The scenario is common: a new 9.5 severity CVE is released, and the Cybersecurity Socials are abuzz with complaints that “it’s not really that bad.” The unfortunate nature of vulnerability disclosure necessitates that CVE base scores are assigned based on worst case scenarios rather than the context of your unique environment – you’re meant to do environmental re-scoring. Because core open source packages exist across an incredible number of contexts, most findings are totally unrelated to your environment. Additionally, security researchers are usually making things work in unusual ways in order to show an exploit.
An example of critical CVE’s that aren’t critical for most users are three critical vulnerabilities from Log4j 1.x (note: not for log4shell which was 2.x, but the older version). These three vulnerabilities are all related to critical remote code execution vulnerabilities in the Log4J package; however, they can only be exploited in the context of Apache Chainsaw, which is a GUI for Log4J to allow developers to explore logs. While Log4J is widely distributed, the GUI via Apache Chainsaw is much less widely utilized – especially in modern environments. It’s also not usually publicly facing. But to a traditional vulnerability scanner without context, these are all alarm bell vulnerabilities.

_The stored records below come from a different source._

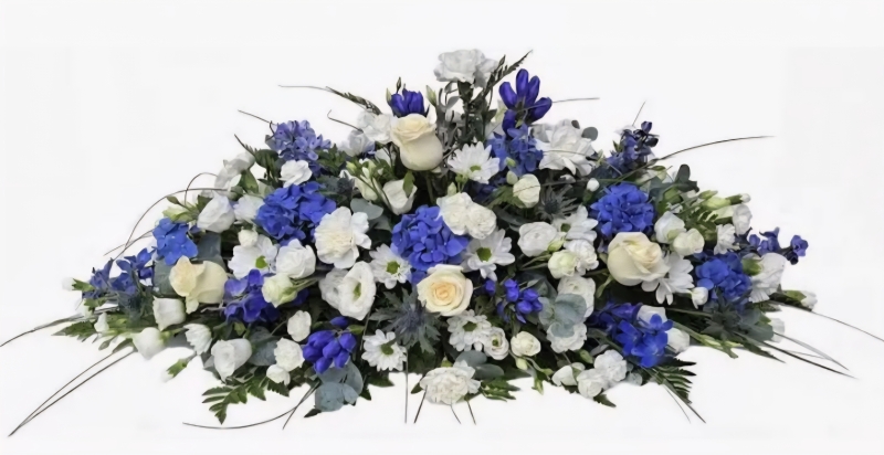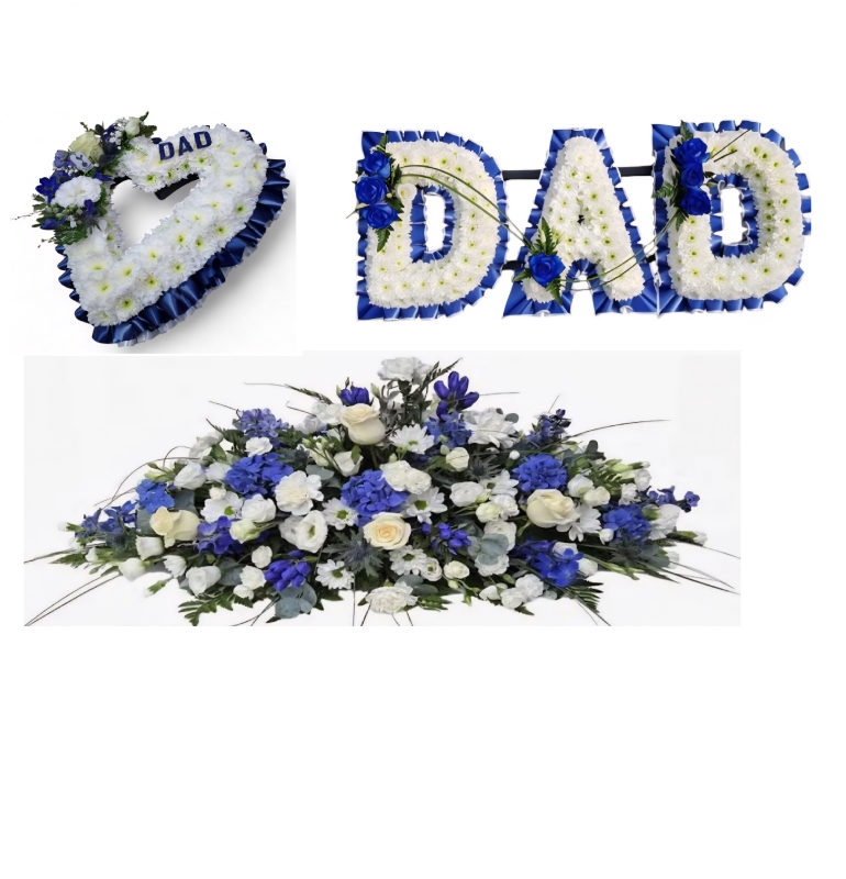 In this Blue collection you will get a 3ft Casket spray, A 12" pillow and a Dad tribute. The total for these individual tributes is £400 as a collection will be £350
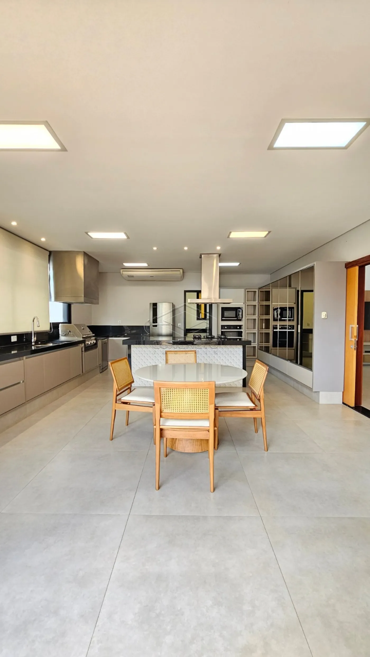 Os ambientes são amplos e bem iluminados, com destaque para a cozinha espaçosa, que integra uma área com churrasqueira, ideal para receber familiares e amigos com conforto e praticidade. O imóvel é repleto de armários planejados, garantindo organização e sofisticação em todos os espaços.
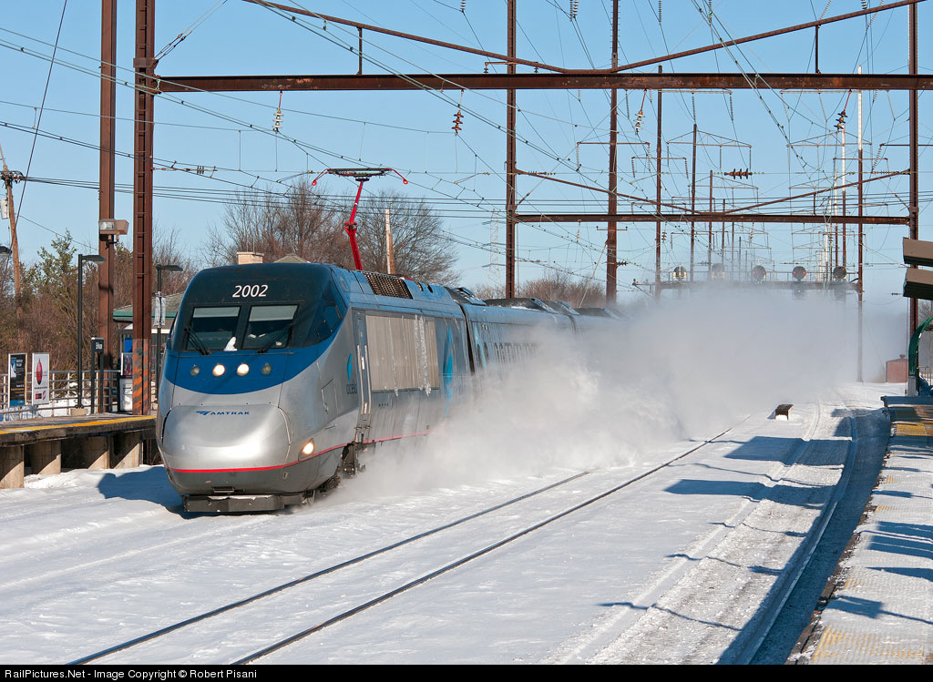 | I would imagine that trains such as this were well patronized in the aftermath of the blizzard since area airports were closed for most of the day. Not quite making track speed, this Acela still looks impressive on its midday run to Washington DC. |

Here are the problems this set of vulnerabilities reveals about the larger vulnerability ecosystem:
- Many of the most critical vulnerabilities are not applicable in most contexts
- Security teams, and even developers, can’t be complete masters of every library they use or import
- The vulnerability system often does not provide enough data to make accurate determinations of real risk for most people.
- Many tools fail to adequately distinguish between OS vulnerabilities, like an openSSH package, and code library vulnerabilities, such as Log4J
These vulnerabilities illustrate the numerous problems faced by security teams, but the core problem is this: it takes way more time and people to investigate a vulnerability than to discover that it exists. A security engineer’s gut reaction to a vulnerability is to try and recreate a PoC to convince developers to fix it, but this is unrealistic for thousands of vulnerabilities.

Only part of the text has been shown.